TASK TO CARRY OUT | Quote each line of the material verbatim, without the pictures.

GIVEN DATA |
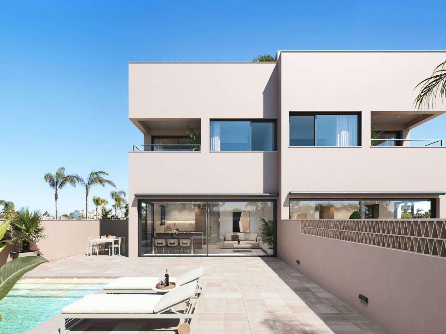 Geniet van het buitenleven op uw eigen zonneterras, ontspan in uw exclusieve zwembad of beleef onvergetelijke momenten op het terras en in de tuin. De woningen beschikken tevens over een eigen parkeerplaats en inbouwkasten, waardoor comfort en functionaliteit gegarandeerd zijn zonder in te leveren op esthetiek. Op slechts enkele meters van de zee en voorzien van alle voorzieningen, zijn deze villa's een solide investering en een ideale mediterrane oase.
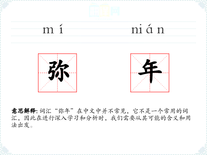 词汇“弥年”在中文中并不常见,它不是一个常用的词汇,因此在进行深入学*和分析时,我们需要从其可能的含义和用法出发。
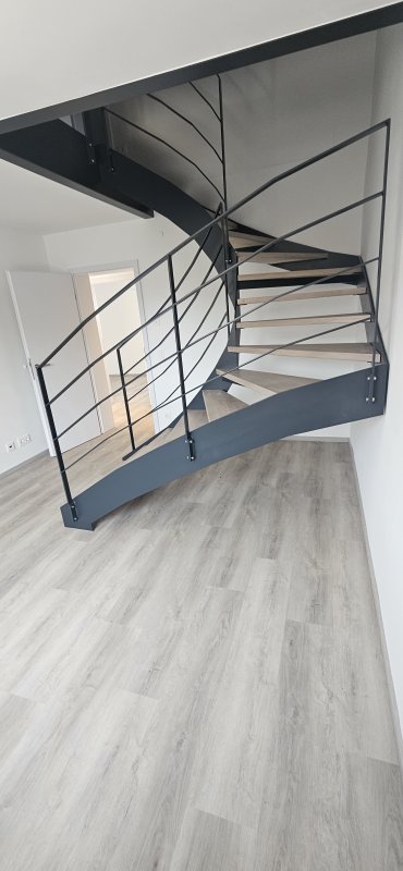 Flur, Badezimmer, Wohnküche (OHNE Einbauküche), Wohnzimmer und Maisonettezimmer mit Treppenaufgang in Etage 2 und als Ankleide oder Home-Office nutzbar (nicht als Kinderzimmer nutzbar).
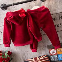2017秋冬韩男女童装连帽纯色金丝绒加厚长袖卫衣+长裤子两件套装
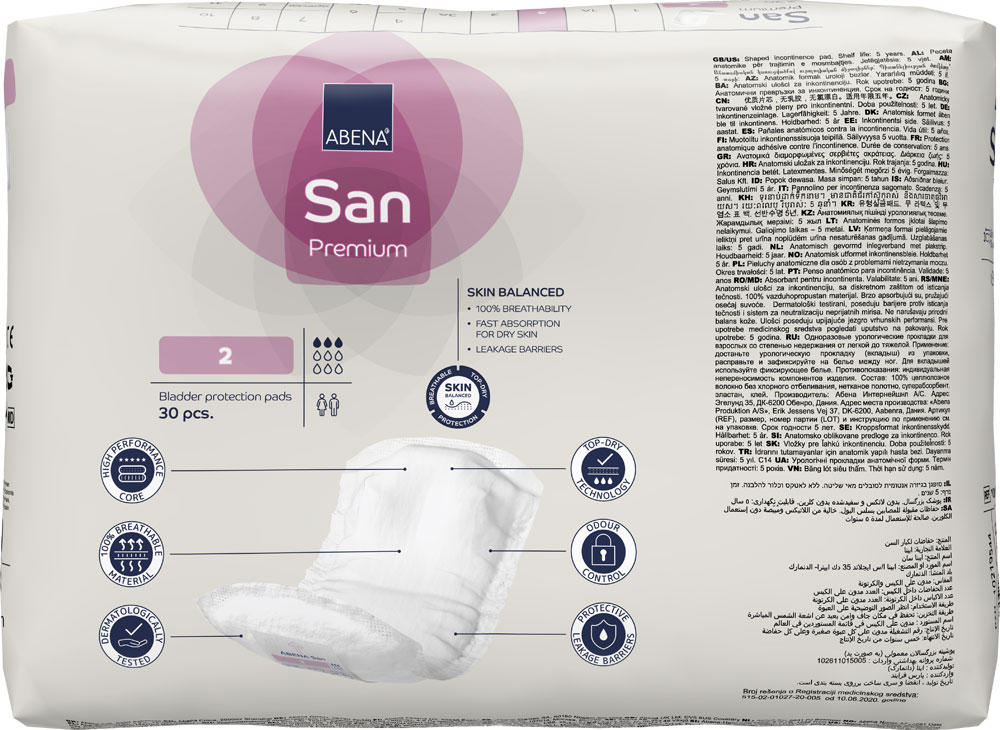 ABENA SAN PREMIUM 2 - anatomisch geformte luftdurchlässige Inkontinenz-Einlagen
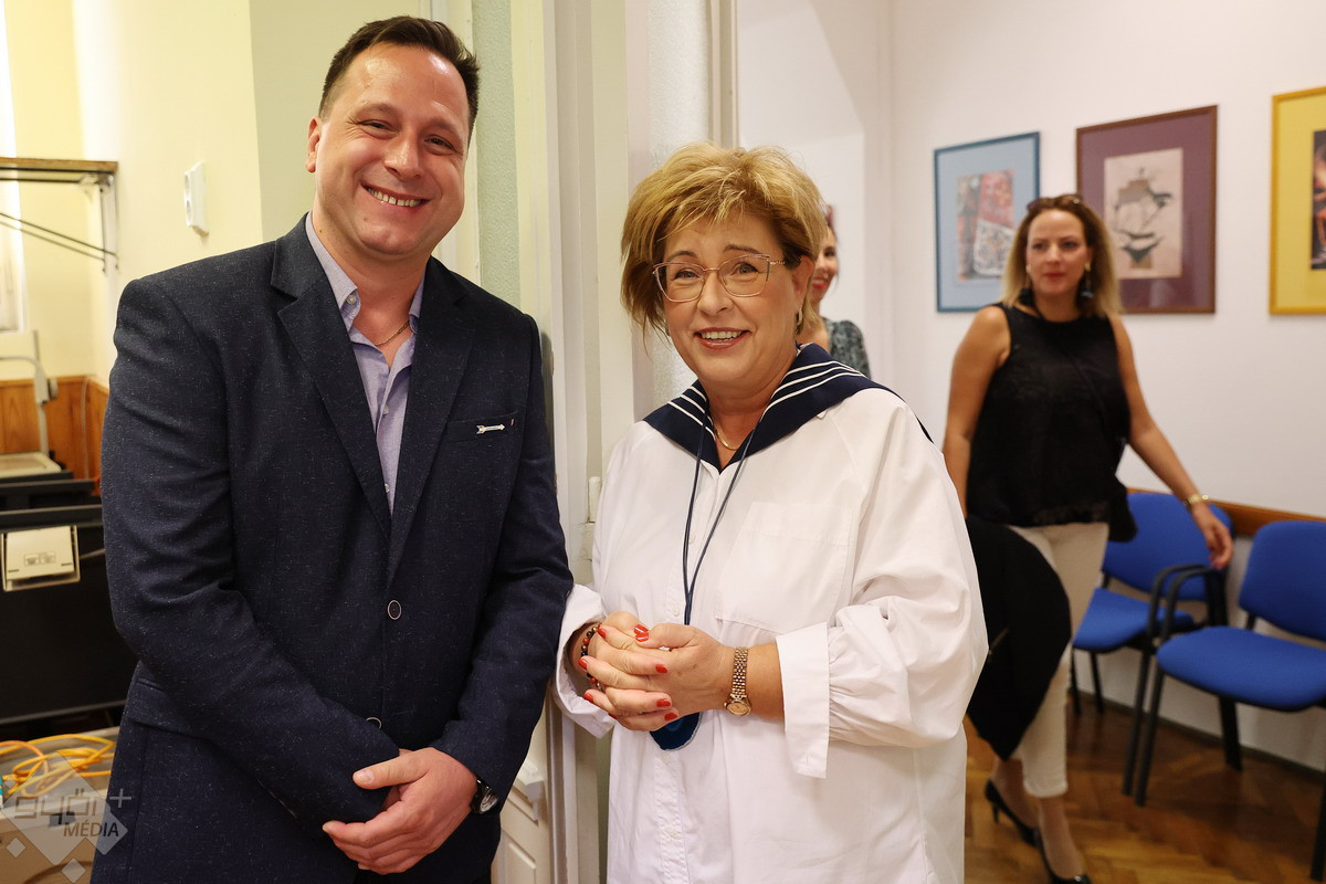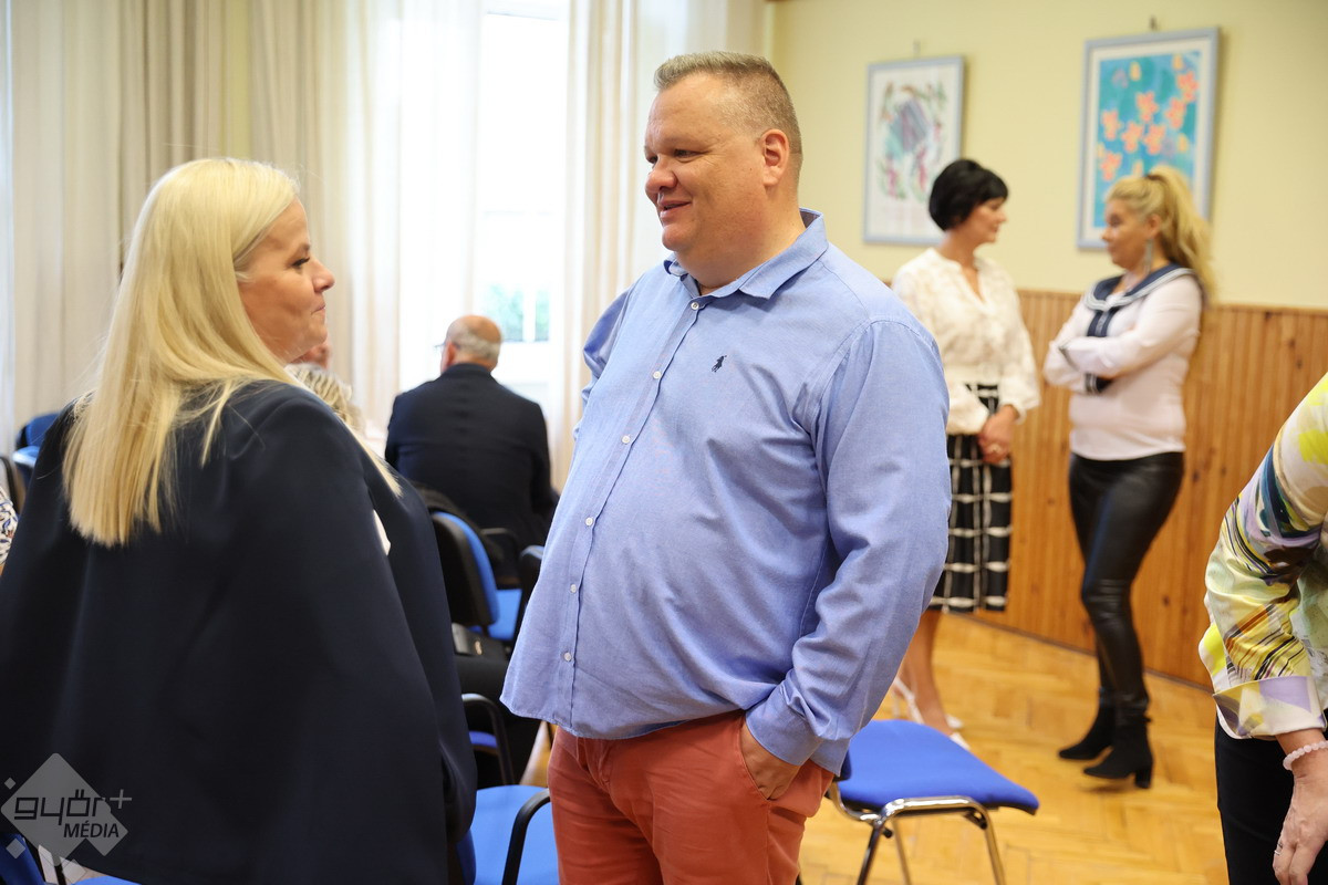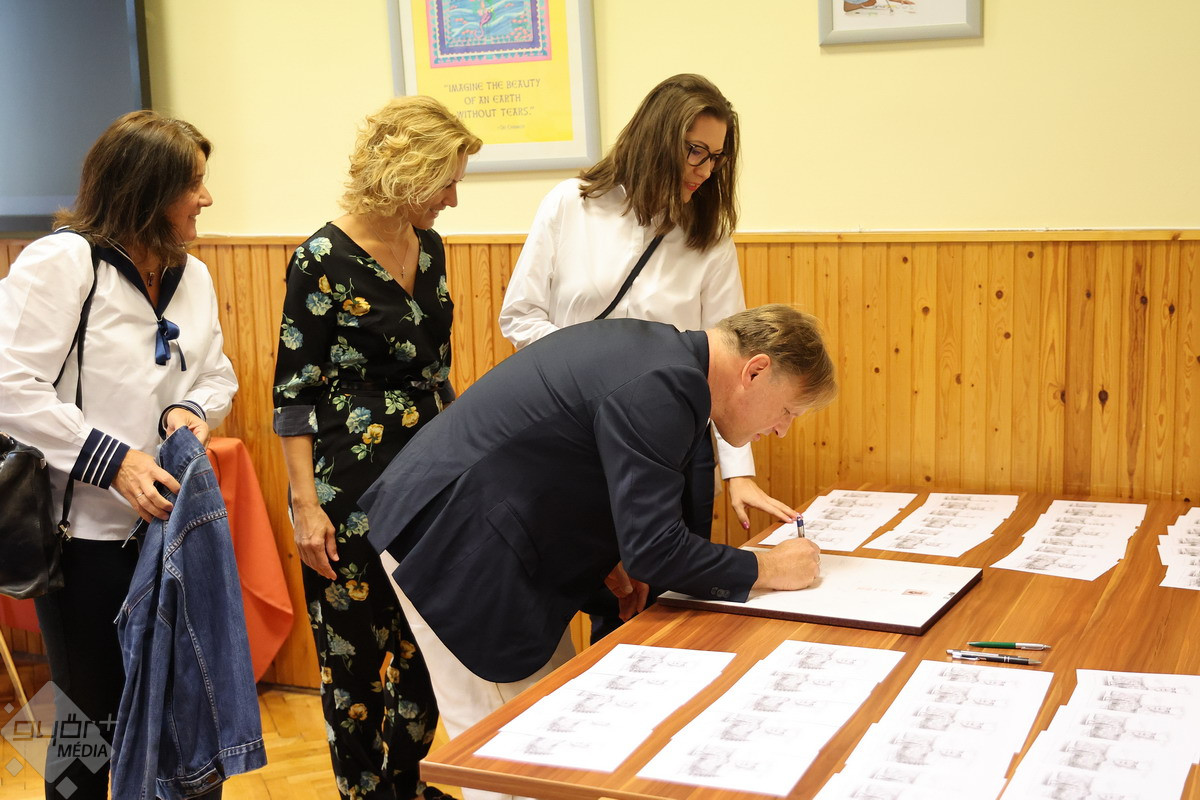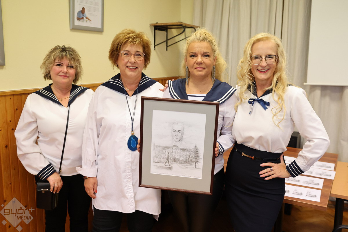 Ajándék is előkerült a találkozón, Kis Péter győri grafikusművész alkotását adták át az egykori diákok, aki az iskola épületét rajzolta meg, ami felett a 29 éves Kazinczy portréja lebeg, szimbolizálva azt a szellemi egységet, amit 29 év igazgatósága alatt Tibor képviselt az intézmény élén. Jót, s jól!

TASK RESPONSE |
 Geniet van het buitenleven op uw eigen zonneterras, ontspan in uw exclusieve zwembad of beleef onvergetelijke momenten op het terras en in de tuin. De woningen beschikken tevens over een eigen parkeerplaats en inbouwkasten, waardoor comfort en functionaliteit gegarandeerd zijn zonder in te leveren op esthetiek. Op slechts enkele meters van de zee en voorzien van alle voorzieningen, zijn deze villa's een solide investering en een ideale mediterrane oase.
 词汇“弥年”在中文中并不常见,它不是一个常用的词汇,因此在进行深入学*和分析时,我们需要从其可能的含义和用法出发。
 Flur, Badezimmer, Wohnküche (OHNE Einbauküche), Wohnzimmer und Maisonettezimmer mit Treppenaufgang in Etage 2 und als Ankleide oder Home-Office nutzbar (nicht als Kinderzimmer nutzbar).
2017秋冬韩男女童装连帽纯色金丝绒加厚长袖卫衣+长裤子两件套装
 ABENA SAN PREMIUM 2 - anatomisch geformte luftdurchlässige Inkontinenz-Einlagen
 Ajándék is előkerült a találkozón, Kis Péter győri grafikusművész alkotását adták át az egykori diákok, aki az iskola épületét rajzolta meg, ami felett a 29 éves Kazinczy portréja lebeg, szimbolizálva azt a szellemi egységet, amit 29 év igazgatósága alatt Tibor képviselt az intézmény élén. Jót, s jól!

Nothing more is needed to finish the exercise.